Chemicals in e-cigarettes.


6. Frequency of e-cig users in global world

When the FDA commissioned their 2018 report on ENDS which they label as a Tobacco Product, the authors chose to use the term e-cigarettes for some use e-juice without nicotine [15]. At least 52% of smokers or ex-smokers in one area have vaped [16]. In the US, as of 2014, 12.6% of adults had used an e-cigarette at least once and approximately 3.7% were still using them [6], 1.1% of adults were daily users. Non-smokers and former smokers who had quit more than 4 years earlier were extremely unlikely to be current users [17]. In the UK, there were about 2.6 million users in 2015 which is about 18% of current smokers and about 5% of the population. About 59% of current smokers said they had tried them. In France in 2014, between 7.7 and 9.2 million people have tried e-cigarettes and 1.1–1.9 million use them on a daily basis. About 67% of French smokers use e-cigarettes to reduce or quit smoking. French people who have tried e-cigarettes, 9% have never smoked tobacco. Of the 1.2% who had recently stopped tobacco smoking at the time of the survey, 84% credited e-cigarettes as essential in quitting.

Although smoking among young people has declined over the last 5 years, this has coincided with a growth in the use of alternative nicotine products [18]. Some young people who have tried an e-cigarette have never smoked tobacco, so vaping can be a starting point for nicotine use [19]. The evidence on whether e-cigarettes are a gateway to tobacco smoking in later life is mixed and contradictory. e-Cigarettes, also known as vape pens, cartridges and pens, differ from traditional marijuana cigarettes in several respects. e-Cigarettes may be used with other substances and cartridges can potentially be filled with e-liquid containing substances other than nicotine, thus serving as a new way to deliver other psychoactive drugs, for example THC [20].

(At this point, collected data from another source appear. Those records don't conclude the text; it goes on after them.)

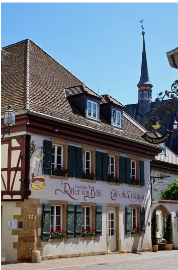
Stiftung Bürgerhospital in Deidesheim, mit dem Gästehaus Ritter von Böhl und dem Café Alt Deidesheim (2019)
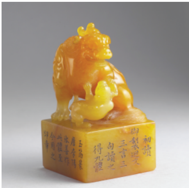
清 乾隆 田黃石「鸞錦雲章·循連環」組印九方之一 印面4.7×4.7公分 高8.3公分
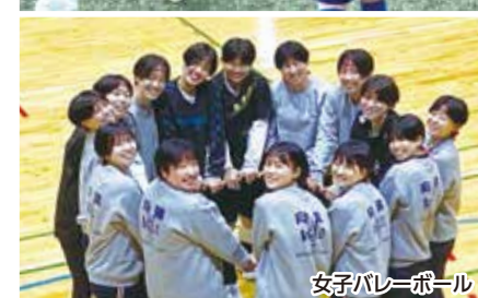
女子バレーボール

The amount of nicotine found in 13 inhalations from an e-cigarette with fluid containing 18 mg/ml nicotine was estimated to be equivalent to the amount found in a typical tobacco cigarette containing 0.5 mg nicotine [21]. Most medical organizations, including international organizations such as the WHO and those in the US, feel there is insufficient evidence to routinely recommend electronic cigarettes for use in smoking cessation [4] other medical organizations, particularly British ones, state e-cigarettes are a reasonable third-best alternative for smokers who are unable to quit. The available research on e-cigarette use for smoking cessation is limited. Some medical authorities recommend that e-cigarettes have a role in smoking cessation, and others disagree.

A 2016 meta-analysis based on 20 different studies found that smokers who vaped were 28% less likely to quit than those who had not tried electronic cigarettes. In the US, e-cigarettes have not been subject to the same efficacy testing as nicotine replacement products. Several authorities, including the World Health Organization, feel there is not enough evidence to recommend e-cigarettes for quitting smoking, and there are studies showing a decline in smoking cessation among dual users [22, 23]. Nicotine-containing e-cigarettes were associated with greater effectiveness for quitting smoking than e-cigarettes without nicotine. e-Cigarettes without nicotine may reduce tobacco cravings because of the smoking-related physical stimuli.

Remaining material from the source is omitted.